Segment Start: Given data

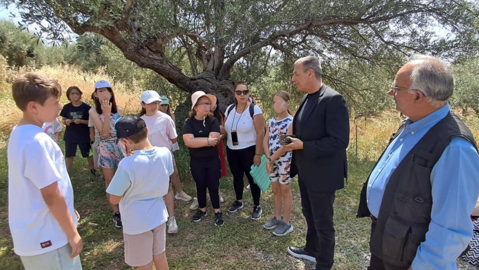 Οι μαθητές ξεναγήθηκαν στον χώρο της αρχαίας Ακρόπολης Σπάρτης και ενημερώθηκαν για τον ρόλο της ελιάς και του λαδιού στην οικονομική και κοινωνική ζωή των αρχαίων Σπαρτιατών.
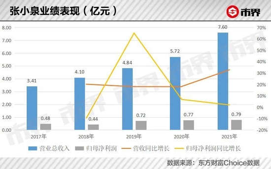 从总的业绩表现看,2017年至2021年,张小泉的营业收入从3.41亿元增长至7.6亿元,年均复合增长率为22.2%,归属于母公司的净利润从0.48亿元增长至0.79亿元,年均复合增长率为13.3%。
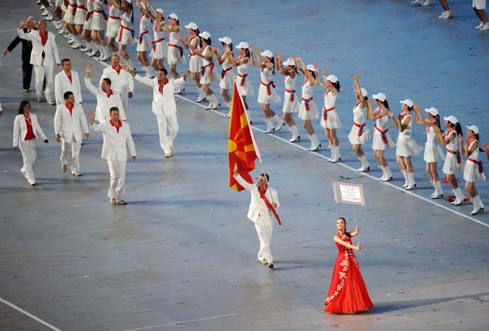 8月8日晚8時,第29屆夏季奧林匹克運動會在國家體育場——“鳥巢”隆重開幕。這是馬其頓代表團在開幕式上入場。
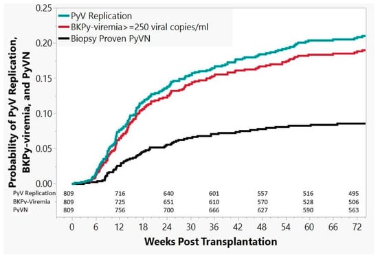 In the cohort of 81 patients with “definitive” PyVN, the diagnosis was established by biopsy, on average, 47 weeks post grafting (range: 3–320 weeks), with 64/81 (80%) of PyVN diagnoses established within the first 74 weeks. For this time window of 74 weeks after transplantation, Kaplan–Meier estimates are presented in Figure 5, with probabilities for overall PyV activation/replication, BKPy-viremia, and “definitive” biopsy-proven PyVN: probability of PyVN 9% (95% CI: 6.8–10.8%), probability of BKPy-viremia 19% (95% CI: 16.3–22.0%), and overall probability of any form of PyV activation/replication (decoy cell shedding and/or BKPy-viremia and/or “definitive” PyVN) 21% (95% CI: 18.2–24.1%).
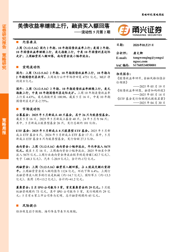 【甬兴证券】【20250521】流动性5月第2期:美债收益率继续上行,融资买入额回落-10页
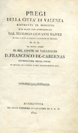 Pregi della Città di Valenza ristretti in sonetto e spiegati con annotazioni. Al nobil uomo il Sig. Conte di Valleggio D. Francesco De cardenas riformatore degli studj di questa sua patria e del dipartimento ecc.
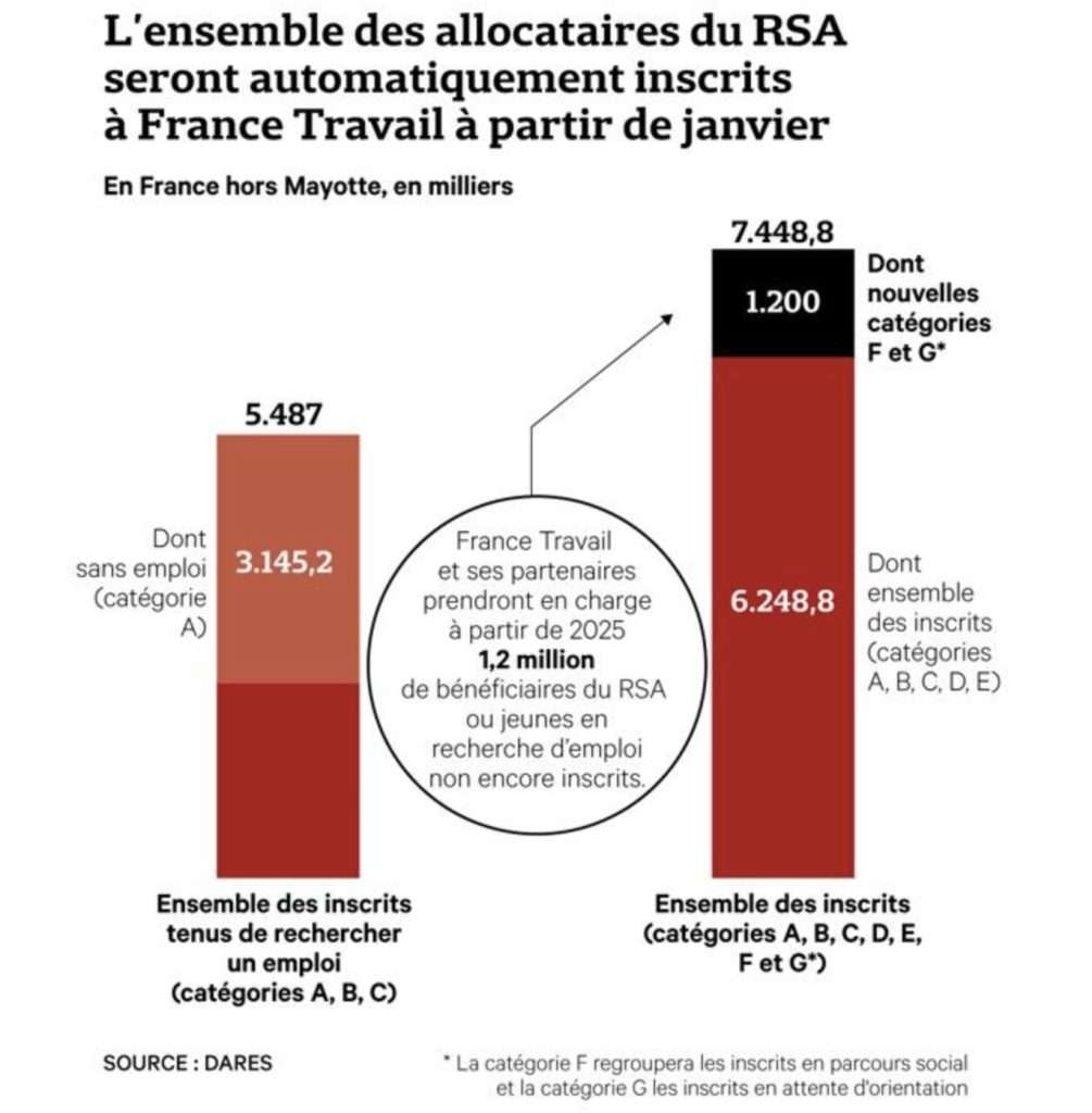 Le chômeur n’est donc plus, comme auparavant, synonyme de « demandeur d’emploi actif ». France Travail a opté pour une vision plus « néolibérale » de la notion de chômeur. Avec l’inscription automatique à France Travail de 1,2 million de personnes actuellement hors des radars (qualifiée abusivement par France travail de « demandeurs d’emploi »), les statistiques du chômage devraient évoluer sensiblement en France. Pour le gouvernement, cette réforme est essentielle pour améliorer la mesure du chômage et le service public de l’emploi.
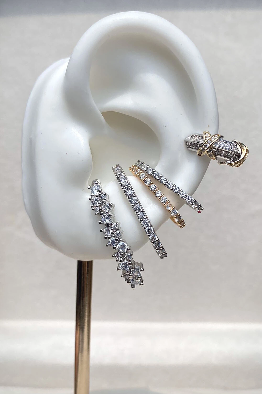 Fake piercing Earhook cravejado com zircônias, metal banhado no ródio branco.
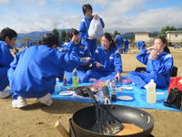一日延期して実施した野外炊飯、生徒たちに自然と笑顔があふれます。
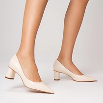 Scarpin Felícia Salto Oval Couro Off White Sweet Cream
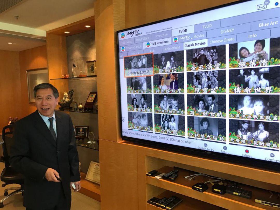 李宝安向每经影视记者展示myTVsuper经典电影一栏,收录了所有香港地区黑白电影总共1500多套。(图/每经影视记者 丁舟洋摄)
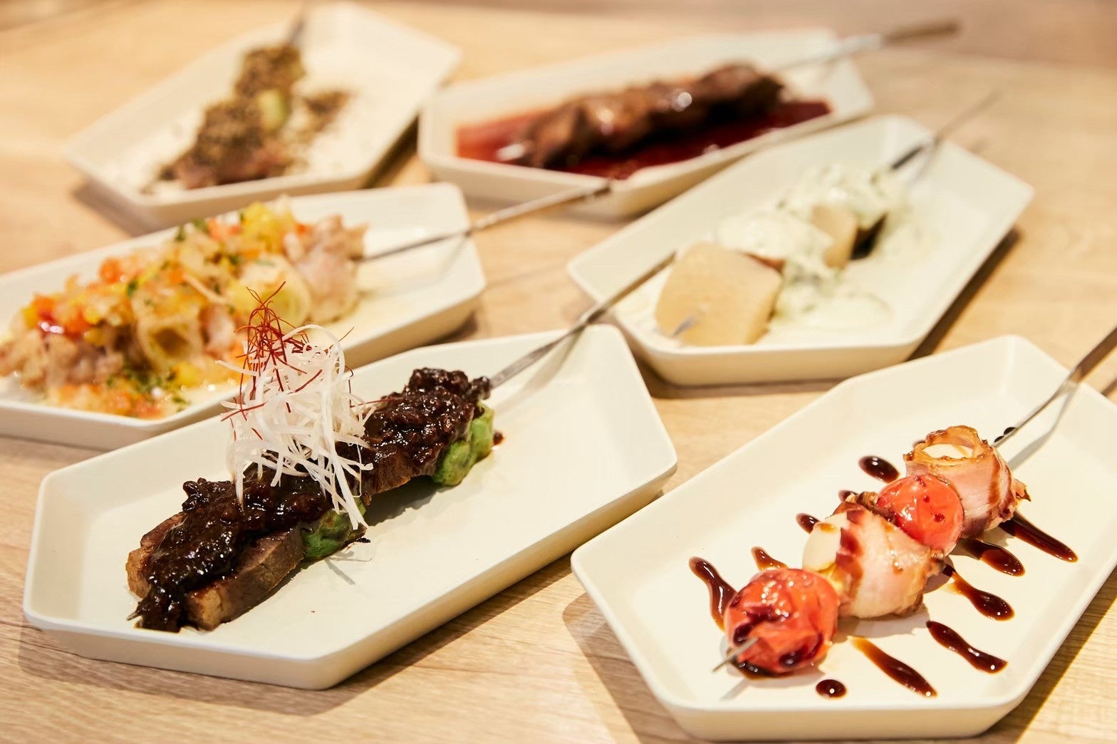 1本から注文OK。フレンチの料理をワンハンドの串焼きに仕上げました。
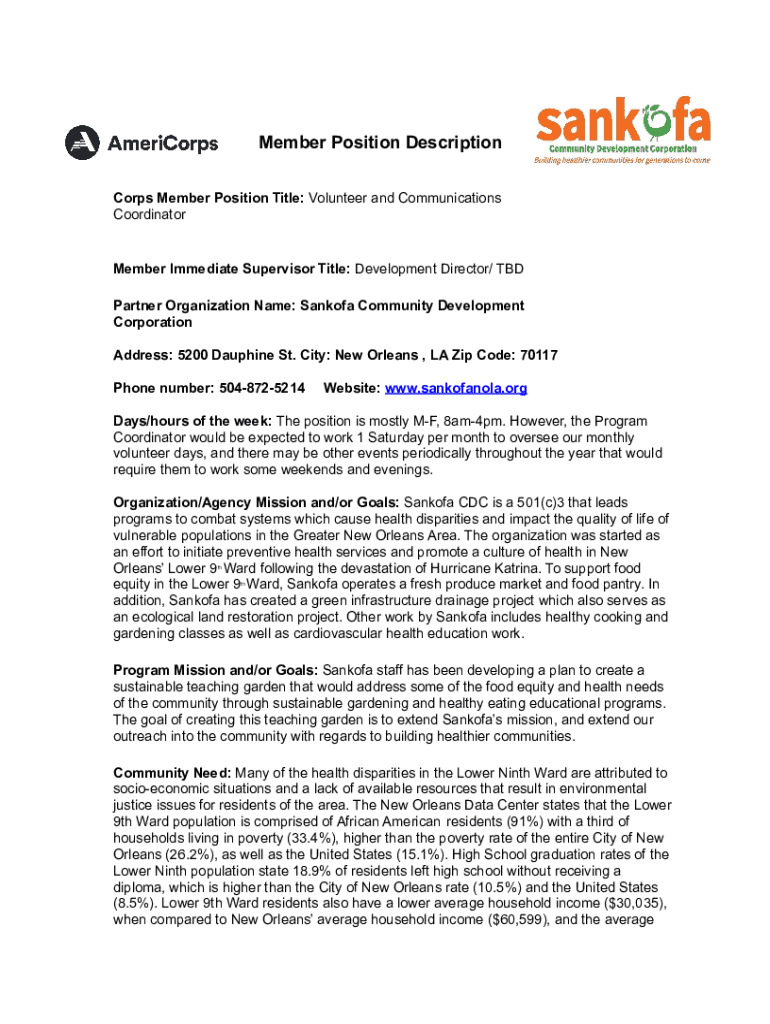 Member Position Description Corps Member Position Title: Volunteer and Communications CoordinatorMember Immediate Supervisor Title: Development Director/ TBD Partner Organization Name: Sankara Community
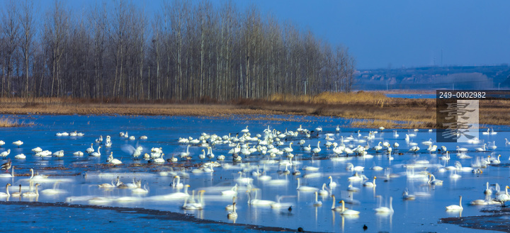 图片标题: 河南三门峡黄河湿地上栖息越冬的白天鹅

Segment End: Given data

▶ Exercise description
Retype, exactly and only, the lines from the one containing "Member Position Description" through the end of the entries, both ends included, and omit all pictures.

▶ Reply
 Member Position Description Corps Member Position Title: Volunteer and Communications CoordinatorMember Immediate Supervisor Title: Development Director/ TBD Partner Organization Name: Sankara Community
 图片标题: 河南三门峡黄河湿地上栖息越冬的白天鹅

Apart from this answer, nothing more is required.